In letzter Zeit häufen sich aber die Probleme: Systeme fallen aus, ein riesiger Sandsturm kündigt sich an, das Team klagt über Albträume, und noch dazu hält sich hartnäckig das Märchen einer schwarzen Hexe, die auf dem Mars ihr Unwesen treiben soll.
Moons of Madness macht es sich an der Grenze zwischen Adventure und Walking-Simulator bequem, und gerade deswegen ist das Astronautenleben ziemlich glaubwürdig. Anfangs bekommen wir etwa per Funk den Auftrag, die externe Solaranlage zu reparieren. Das wäre prinzipiell recht schnell erledigt, auf dem Weg dahin können wir uns aber an zahlreichen Details erfreuen.
Logbücher und Forschungsberichte laden zum Lesen ein. Wir können uns einen Kaffee zubereiten, Astronautenfutter knabbern oder mit einem herumliegenden Plastikraumschiff spielen. In der Luftschleuse müssen wir zuerst den Helm aufsetzen, dann den Sauerstofftank auffüllen, per Schalter die Atmosphäre angleichen, schließlich die Außentür öffnen und zum Mars-Rover spazieren. Das Gefühl, in einer Marsstation zu arbeiten, trifft Moons of Madness voll auf den Punkt.
Klassisches Horror-Handwerk
Gleichzeitig sickert das Grauen immer weiter in die Psyche von Shane. Unsere Sicht verzerrt sich, und wir sehen durch die Fenster der Station Gestalten auf der Marsoberfläche. Als wir vom Exkurs zu der Solaranlage zurückkehren, erfahren wir per Funk von einem Vorfall im Gewächshaus. Dort angekommen überziehen tentakelförmige Pflanzen die Wände, und im Nebel der Sprinkleranlage bewegt sich etwas.

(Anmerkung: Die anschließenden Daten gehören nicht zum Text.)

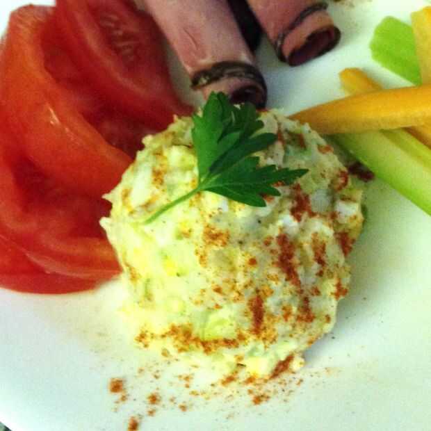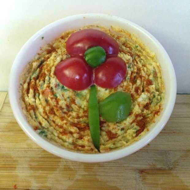 Puede añadir una ramita de perejil para que se vea bonito. También tengo una foto aquí de mi decoración tradicional desde mi niñez, una flor hecha de pimientos. Siempre fue mi trabajo cuando mamá terminado de hacer la ensalada.
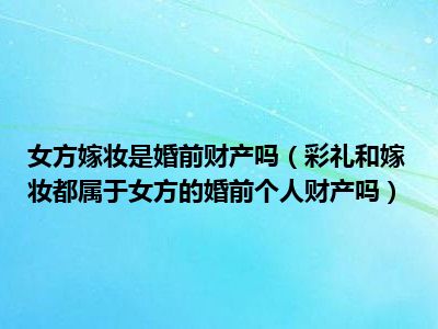 目前大家应该是对彩礼和嫁妆都属于女方的婚前个人财产吗比较感兴趣的,所以今天CC就来为大家整理了一些关于彩礼和嫁妆都属于女方的婚前个人财产吗方面的相关知识来分享给大家,希望大家会喜欢哦。
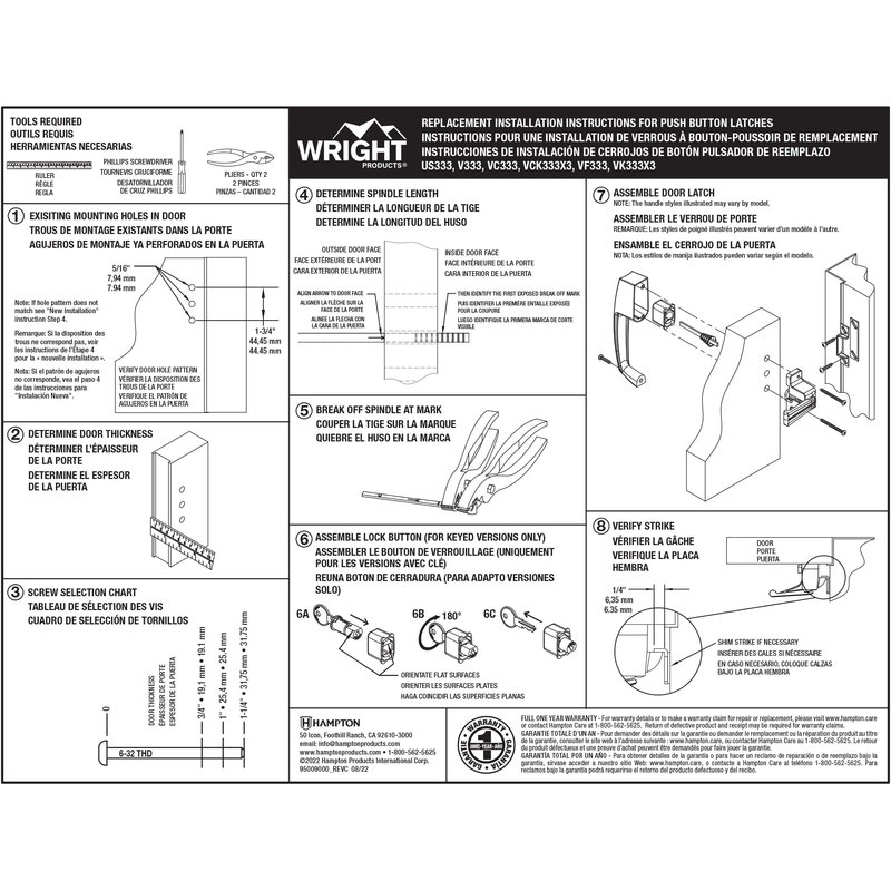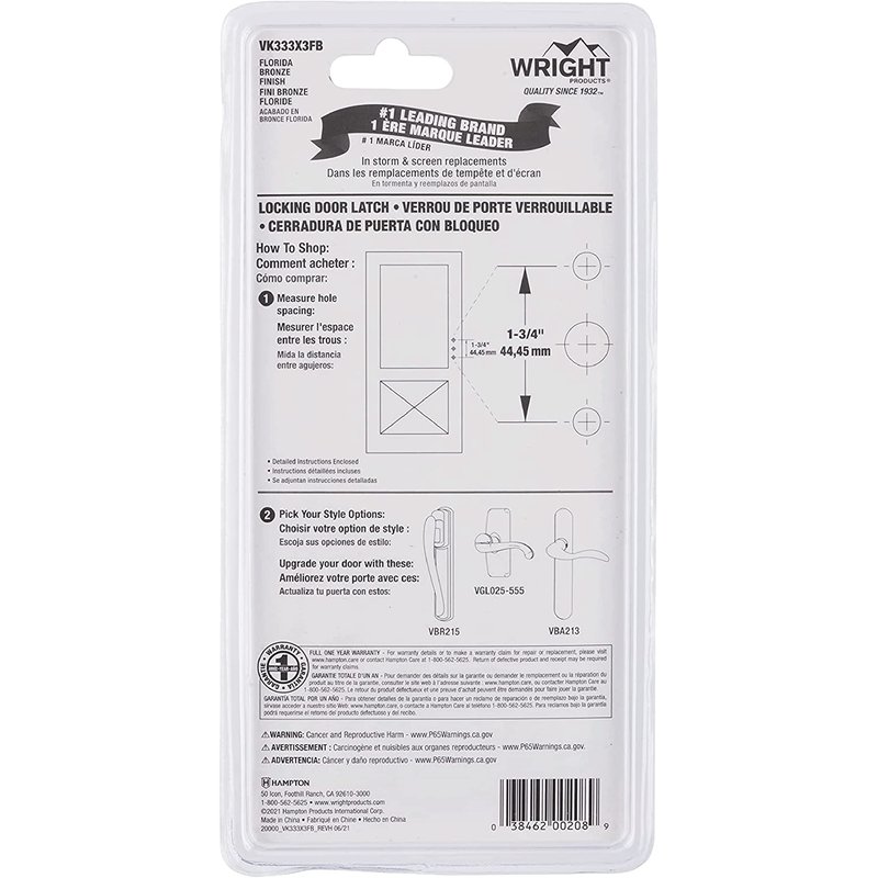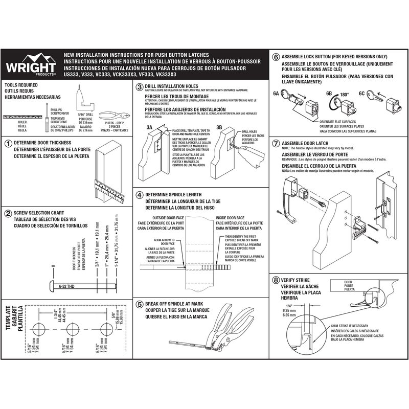- READY TO INSTALL: All installation hardware is included. Installs in three 5/16” holes and contains two sizes of strike plates and shims to provide adjustment for varying backsets. The latch also has a mounting hole with 1.75” spacing.

Genre-Fans merken schon: Hier gibt's recht klassische Horror-Kost. Klassisch auch deshalb, weil Moons of Madness vor allem auf geskriptete Jump-Scares setzt und das mittlerweile gängige Prinzip, dass wir uns bis auf wenige Ausnahmen nicht mit Waffen wehren und vor übernatürlichen Bedrohungen lediglich flüchten können. Genre-Innovationen wie den unberechenbaren Xenomorph aus Alien: Isolation darf man nicht erwarten. Anfangs wird man trotzdem ganz passabel unterhalten, vor allem weil das Wechselspiel zwischen Story, Rätseln und Schockmomenten recht ausgewogen inszeniert ist.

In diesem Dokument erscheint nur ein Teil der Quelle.